Italië is een netto-invoerder van melk. Toch is er ook daar geen melktekort voor de consument. “Het ophalen van de melk bij de boer gaat door”, zegt Renaat Debergh. “Geen enkele fabriek in Italië is uitgevallen omdat er te veel zieken waren. Wél heeft Italië fabrieken die specifiek voor de horeca en catering werken. Die hebben nu te weinig werk, want die markt is weggevallen. En je kan dat productieapparaat niet snel omschakelen naar melk voor consumenten”.

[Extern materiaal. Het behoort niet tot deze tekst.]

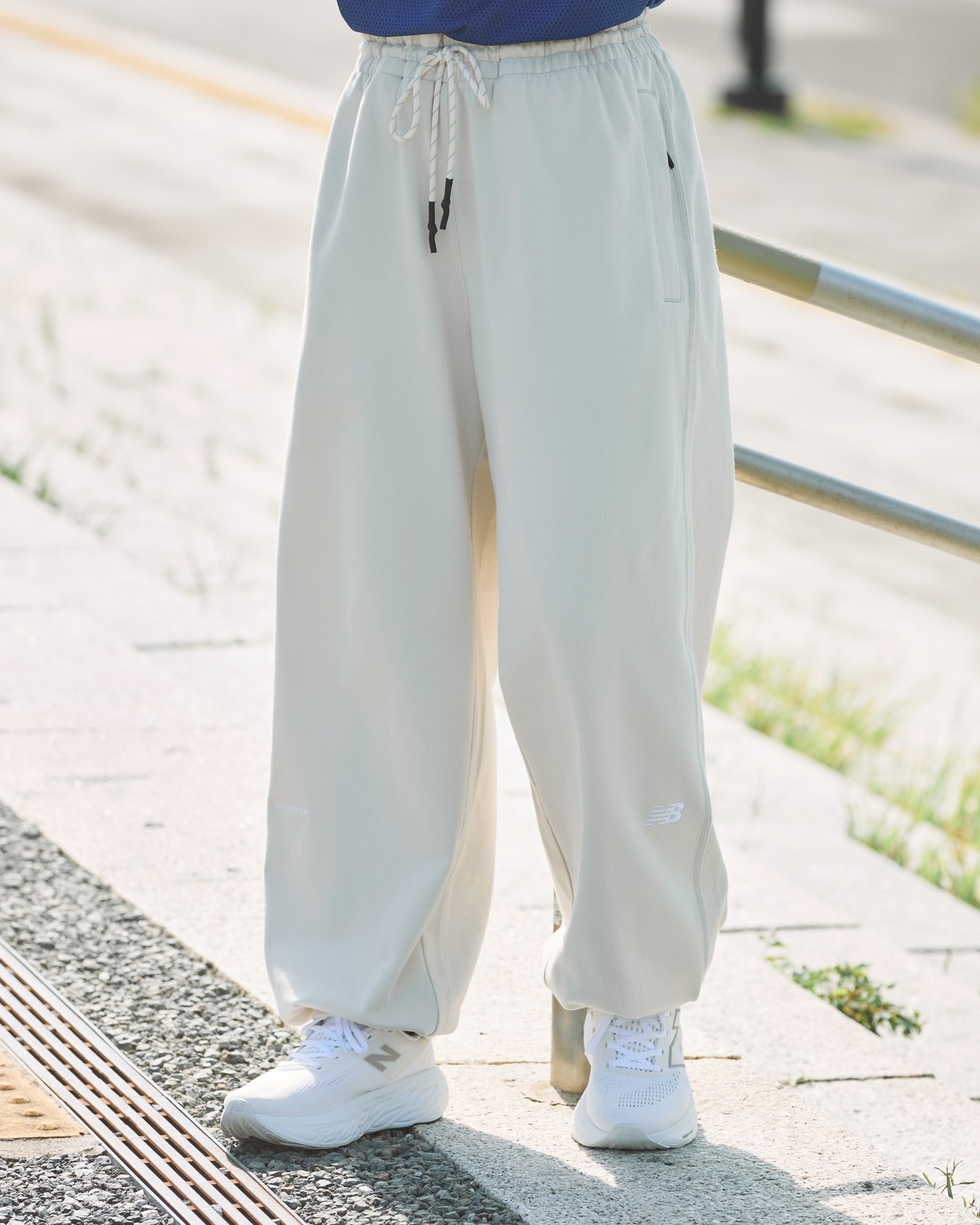 「NB GREY フリース ワイド パンツ」には、優れたストレッチ性と吸汗速乾性、保温性を備えた機能素材「NB HEAT」を使用。ラウンドポケットには、1980年代のトラックジャケットなどに見られるディテールを用いるなど、デザイン性にもこだわっています。裾はドローコード仕様になっているので、絞ってシルエットにアクセントを加えることも可能です。
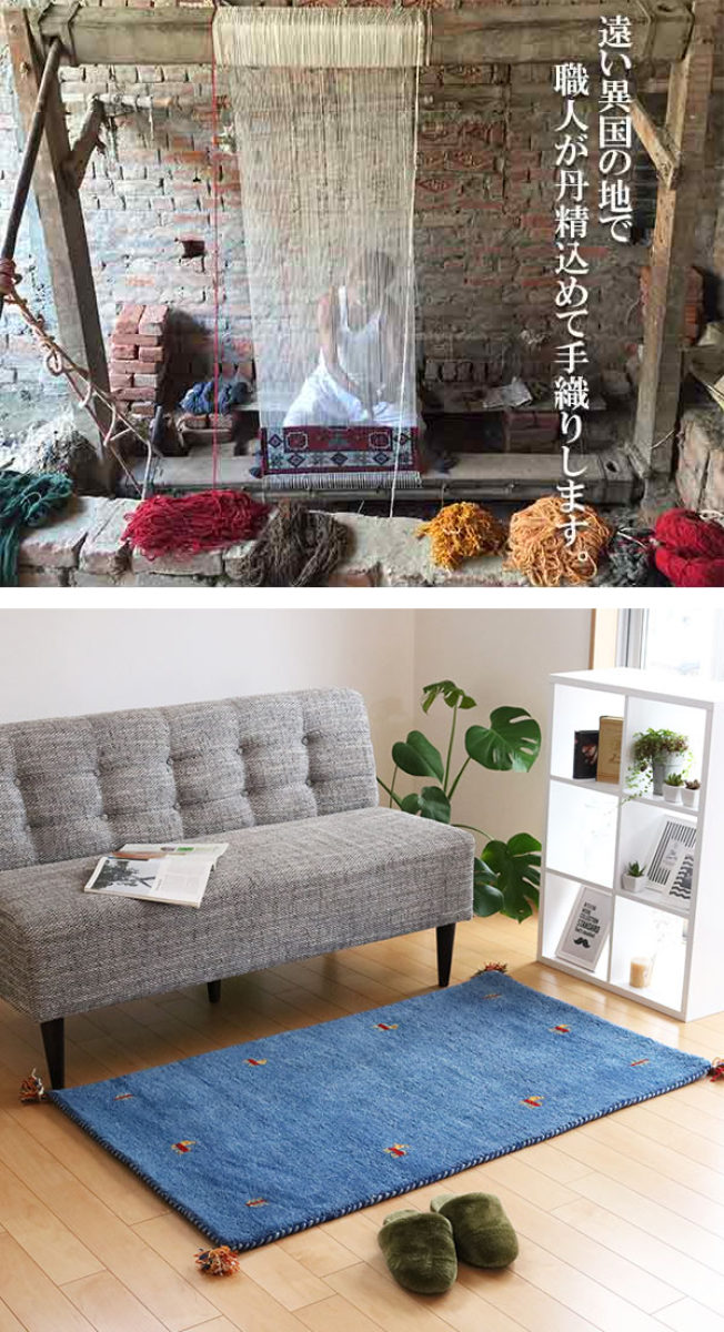 職人がひとつひとつ手織りした、手触りの良い上質なギャッベです。ギャッベはイランの砂漠の周辺に暮らす遊牧民族「カシュガイ族」の女性たちが、羊毛で織る草木染の絨毯。草木で染めた手紡ぎの羊毛(ウール)を使った素朴な色とデザインが魅力です。
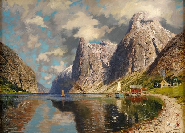 Adelsteen Normann's Summer in Fjord (c. 1890s) captures the pristine beauty of Norway's western fjords with luminous tranquility. Bathed in soft golden light, the painting depicts serene waters mirroring steep cliffs, where scattered cottages nestle amidst lush greenery—a testament to Normann's mastery of Romantic realism. As a leading figure of the Düsseldorf School, his works bridged 19th-century European landscape traditions with emerging plein-air techniques. This particular piece exemplifies his signature blend of precise topography and atmospheric drama, elevating Norway's natural grandeur to poetic heights. Historically, Normann played a pivotal role in popularizing fjordscapes internationally, influencing later Nordic artists like Hans Gude. The painting's harmonious balance between realism and idealism solidifies its status as a jewel of Northern European landscape art.
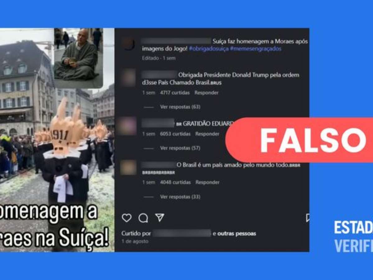 O Estadão Verifica investigou e concluiu que: é falso. O vídeo mostra o Fasnacht, o maior carnaval da Suíça que ocorre anualmente na cidade da Basileia. A edição deste ano foi realizada nos dias 10, 11 e 12 de março, meses antes de Moraes fazer o gesto obsceno. A gravação mostra o desfile do grupo Central Club Basel (CCB) que abordou a falta de diálogo. O dedo médio simbolizaria a falta de diálogo entre líderes mundiais. Moraes não foi citado.
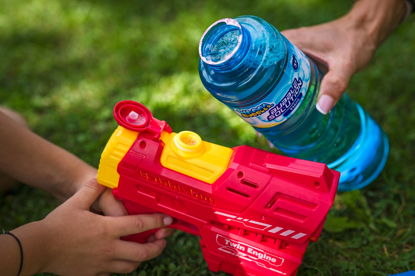 Skvele doplní bublinkové pištole a ďalšie hračky na bubliny – rýchle a čisté dolievanie bez zbytočného plytvania.
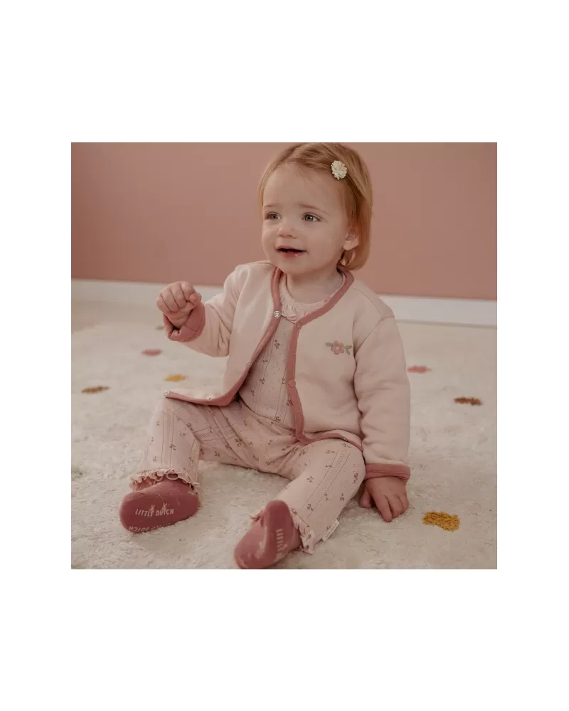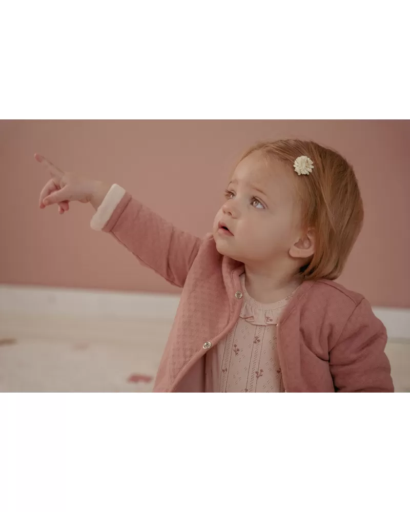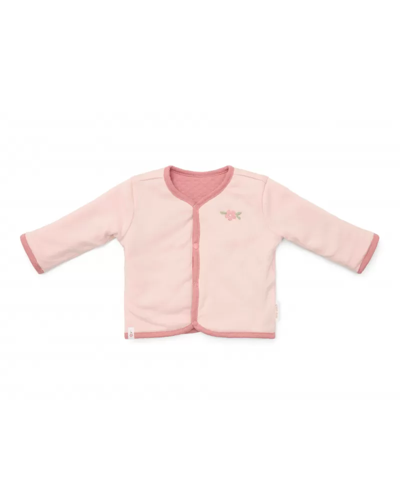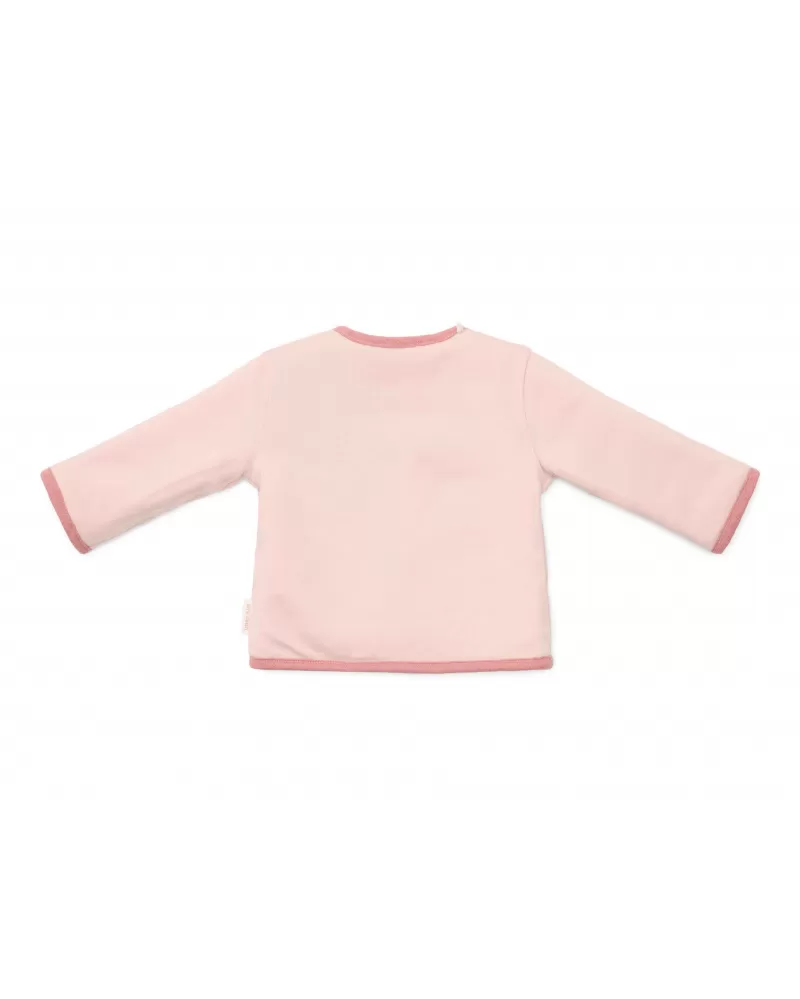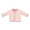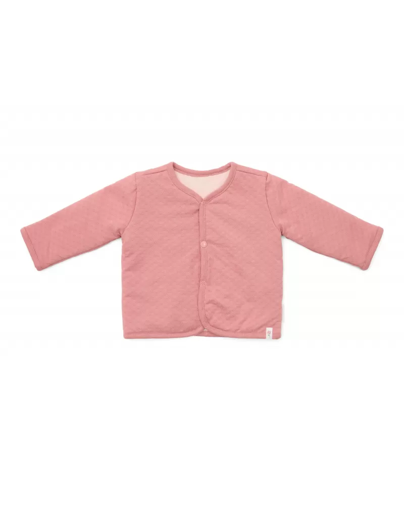 Stylový oboustranný kabátek z měkké organické bavlny poskytne vašemu dítěti díky dvojité vrstvě teplo a pohodlí. Oboustranné provedení nabízí dvě barevné varianty nošení - světle růžovou s výšivkou kytičky a tmavě růžovou s pleteným jemným vzorem. Kabátek se snadno obléká díky zapínání na patentky.
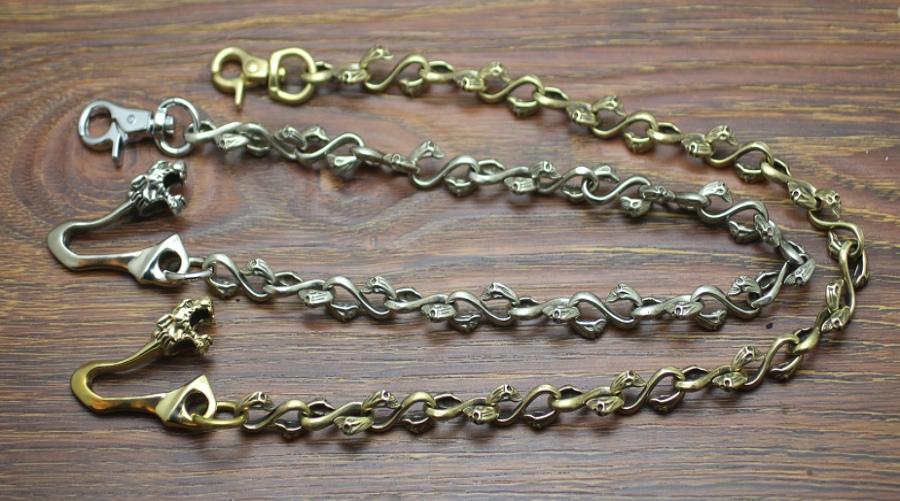 Style: Cool Men's Handmade Dragon Skull Brass Biker Wallet Chain Pants Chain For Men

Vandemoortele is ook actief in Frankrijk en Italië. Vandemoortele kocht begin 2015 de Italiaanse marktleider in diepvriesbrood. “In Italië hebben we twee fabrieken”, zegt CEO Jules Noten. “Het absenteïsme bedraagt er vandaag 9 procent, terwijl dat normaal 6,5 procent is. Er is nog geen enkele werknemer in het ziekenhuis opgenomen met corona. Ook al onze fabrieken in Frankrijk werken. In Reims hadden drie werknemers symptomen van het virus. We hebben de fabriek stilgelegd en gedesinfecteerd. De fabriek is weer opgestart. Ook onze Belgische fabrieken draaien allemaal. Het absenteïsme in België bedraagt weliswaar 15 procent. Ik ben onder de indruk van onze mensen in Frankrijk en Italië. Zij beseffen hun verantwoordelijkheid: de voedselketen moet blijven draaien. Wie in België ziektesymptomen heeft, moet uiteraard thuisblijven. Maar wie die niet heeft, moet uit burgerzin komen werken.”